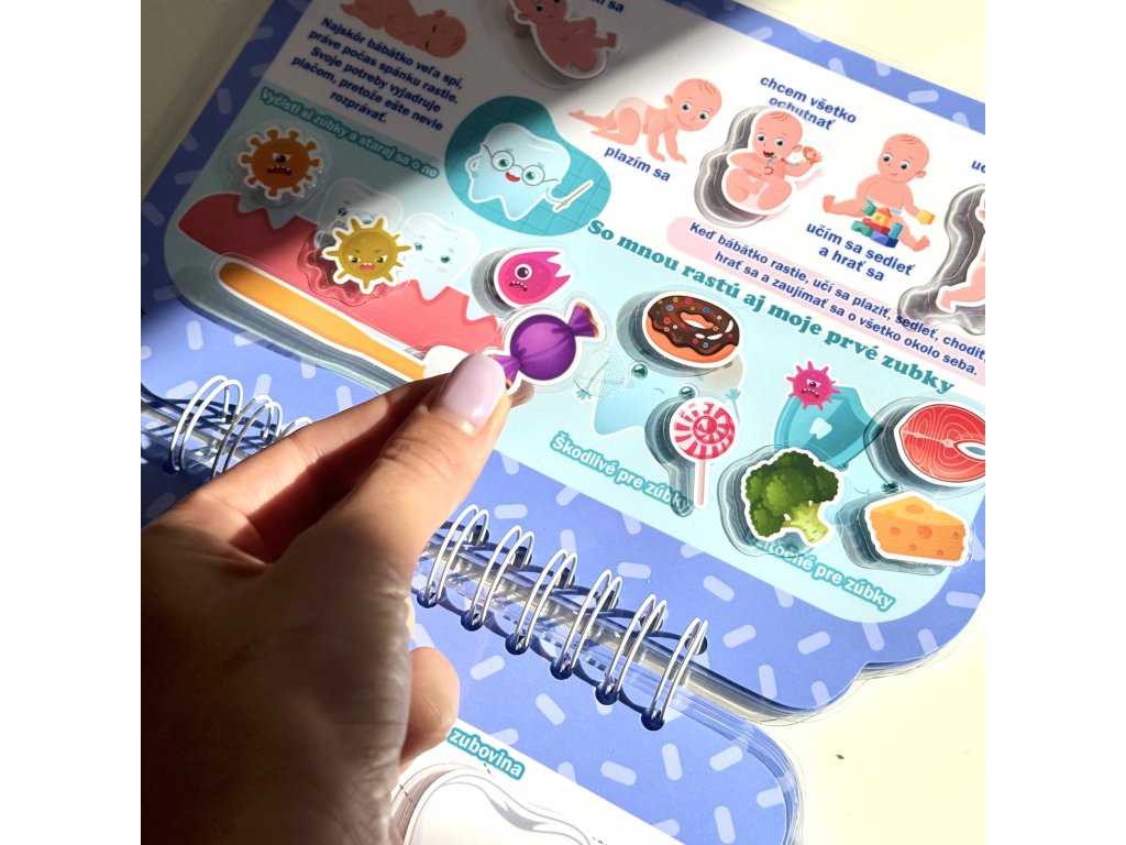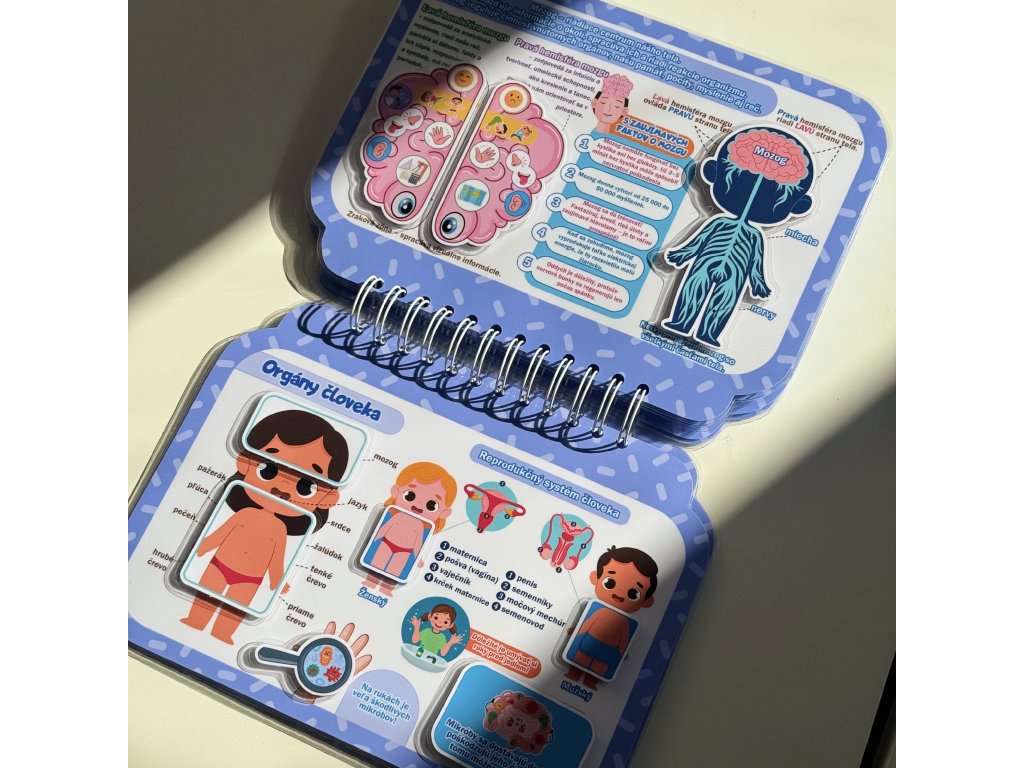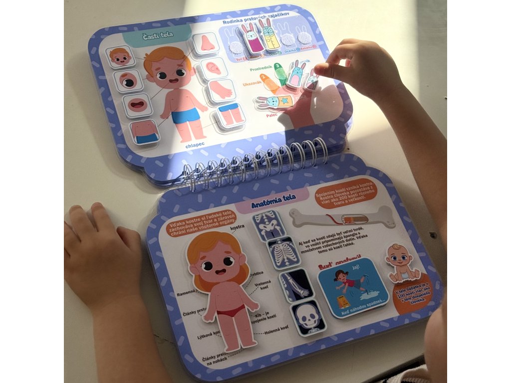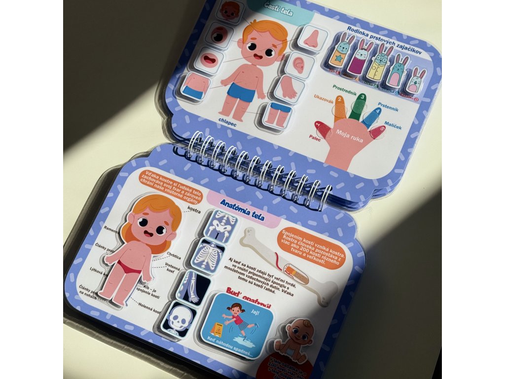 📖 Obsahuje 12 pracovných strán a až 93 pohyblivých dielikov, ktoré sa ľahko pripínajú vďaka suchému zipsu. Deti sa tak môžu zapojiť do rôznych aktivít – spoznávať časti tela, zmysly, orgány, kostru či emócie.
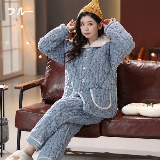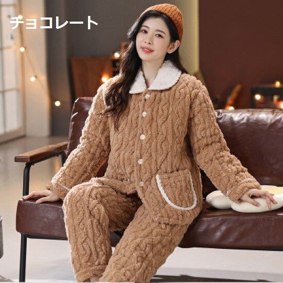 ルームウェア レディース パジャマ ふわふわ フランネル 厚手 暖かい ポケット シンプル リラックス ゆったり おうち服 襟あり フロントボタン 前開き ホームウェア 部屋着 ナイトウェア
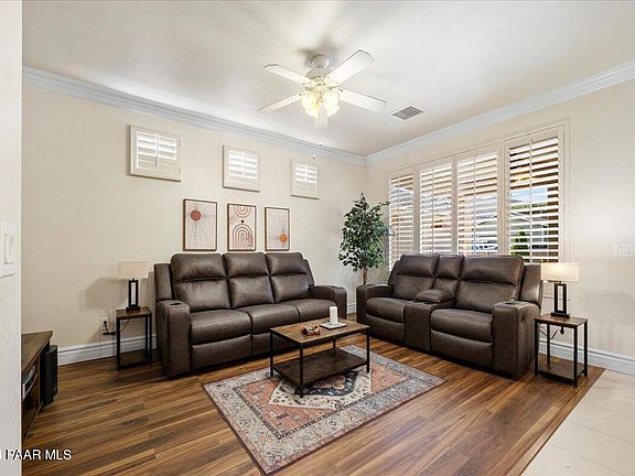Pride of ownership shines throughout this adorable 2 bedroom, 2 bathroom home in the highly desirable Stoneridge neighborhood! Step inside to a meticulously clean and inviting space, where the open-concept floor plan maximizes both comfort and style. Every detail has been thoughtfully upgraded, including elegant crown molding in every room, oversized baseboards that add a touch of sophistication throughout the home. The spacious primary bathroom and guest bathroom each feature beautiful upgraded shower doors to enhance the function of the walk in showers. The guest bedroom has its own ensuite entrance to the guest bathroom while also having a door to the main living space to serve as the main living area guest bath as well.
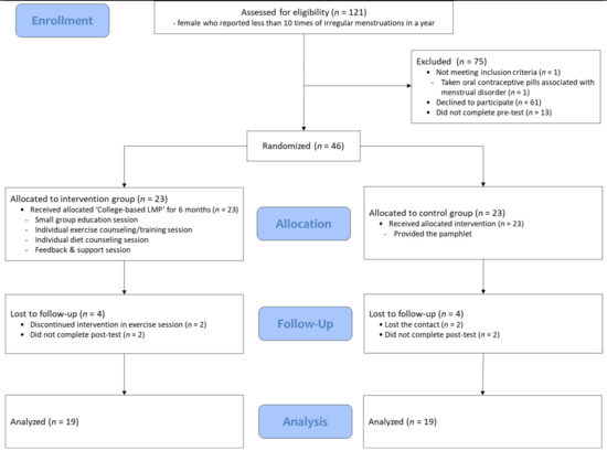 This study’s subjects were selected among 121 female students in the undergraduate and graduate school of K-University from a study conducted in 2017 [15]. The selection criteria were female students who reported irregular menstruation and menstruating less than 10 times in a year. Exclusion criteria were female students taking oral contraceptive pills (estrogen, progestin) or other drugs associated with menstrual disorder, or those under pertinent care.
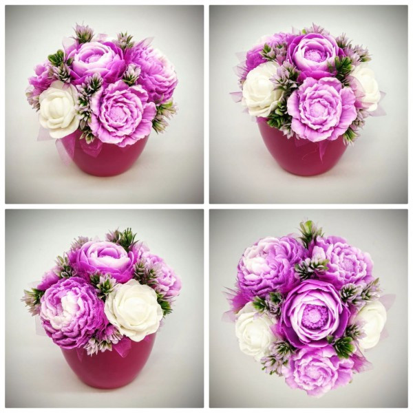 Szappanvirág csokor - fukszia szappanvirág csokor - fukszia kaspóban - 5. Kézzel készített, illatos szappan csokrok, asztali díszek, egyedi szappanok készítése.
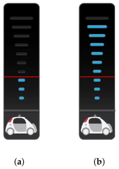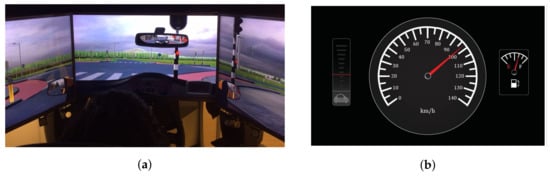 The experiment took place in a fixed-based driving simulator, as shown in Figure 1a. The GUI is shown in Figure 1b, and was designed using Adobe Illustrator (Adobe Systems, San Francisco, CA, USA) and Processing 3.3 (Processing Foundation, Boston, MA, USA). It acted as a platform that facilitates information exchange between the user and the system. A simple design was used, avoiding as much unnecessary information and showing as few components as possible, while maintaining its essence: showing the speedometer, the fuel gauge and the system’s confidence level.
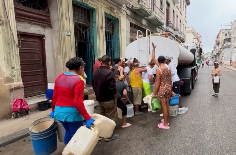 Жители кубинской столицы таскали ведра и выстраивались в очереди за водой из автоцистерн, поскольку из-за нехватки топлива и нестабильности в электросети тысячи водопроводных кранов остались без воды.
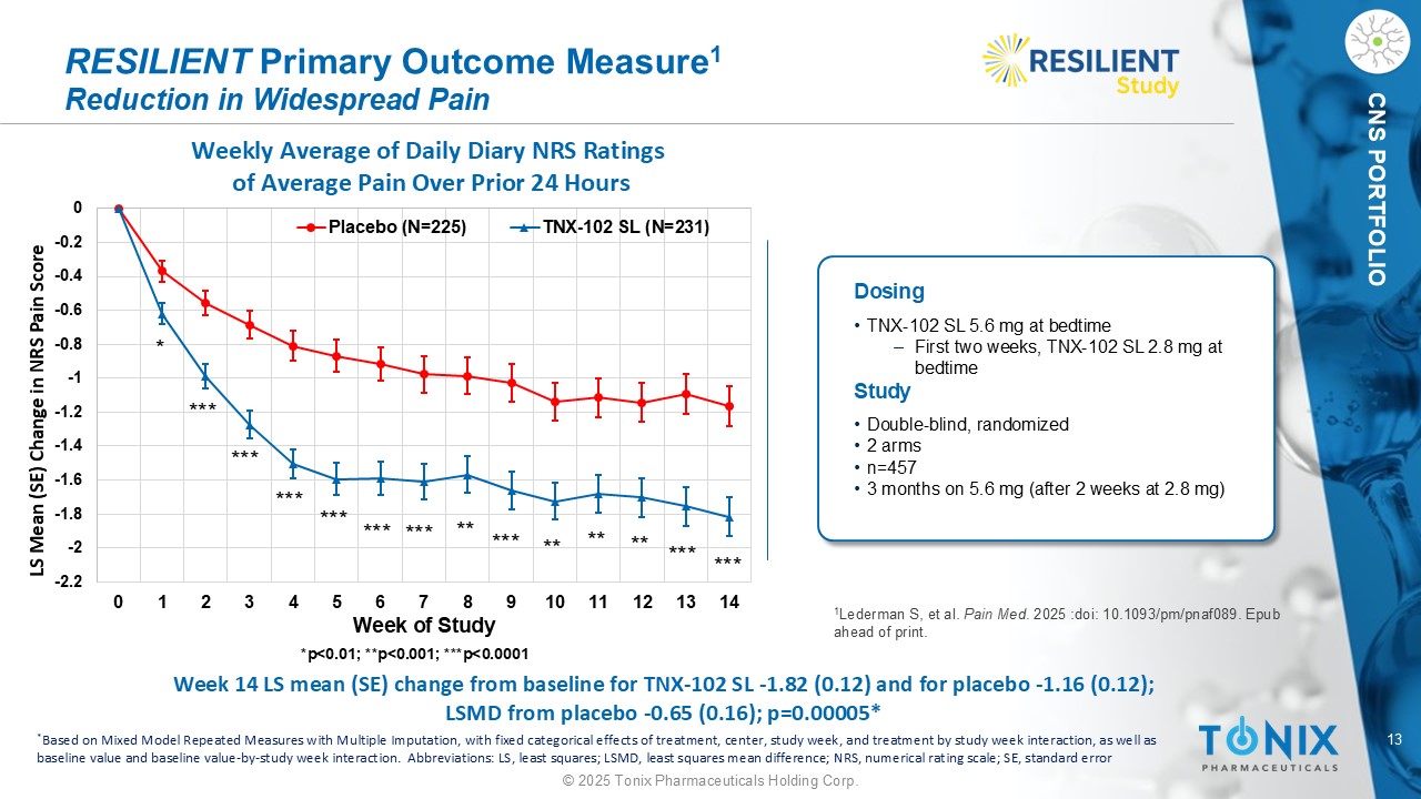12©2025 Tonix Pharmaceuticals Holding Corp. CNS组合CBP直接通过循环系统进入大脑TNX-102 SL绕过首过代谢,导致更快的吸收和减少的norCBP舌下给药TNX-102 SL舌下片迅速崩解、溶解,并将溶解的CBP释放到与粘膜相邻的唾液中,碱基驱动CBP游离碱的形成,游离碱穿过粘膜进入循环系统(经粘膜吸收)经粘膜CBP舌下给药绕过“首过”肝脏代谢,导致更快的吸收和降低norCBP +++++++++ f ++++++不含甘露糖醇的环苯扎普林带电的环苯扎普林Tonix的专有共晶配方含有一种基本成分,可增强有效的经粘膜吸收,从而产生一种具有较长保质期的稳定片剂舌下脉管系统叔胺尾CH 3 N CH 3 CH 3 N CH 3
==*==
__Exercise requirements__
Your answer should be the lines above, word for word, from the line with "Pride of ownership" through the line with "This study’s subjects", minus the pictures.

__Finished exercise__
Pride of ownership shines throughout this adorable 2 bedroom, 2 bathroom home in the highly desirable Stoneridge neighborhood! Step inside to a meticulously clean and inviting space, where the open-concept floor plan maximizes both comfort and style. Every detail has been thoughtfully upgraded, including elegant crown molding in every room, oversized baseboards that add a touch of sophistication throughout the home. The spacious primary bathroom and guest bathroom each feature beautiful upgraded shower doors to enhance the function of the walk in showers. The guest bedroom has its own ensuite entrance to the guest bathroom while also having a door to the main living space to serve as the main living area guest bath as well.
 This study’s subjects were selected among 121 female students in the undergraduate and graduate school of K-University from a study conducted in 2017 [15]. The selection criteria were female students who reported irregular menstruation and menstruating less than 10 times in a year. Exclusion criteria were female students taking oral contraceptive pills (estrogen, progestin) or other drugs associated with menstrual disorder, or those under pertinent care.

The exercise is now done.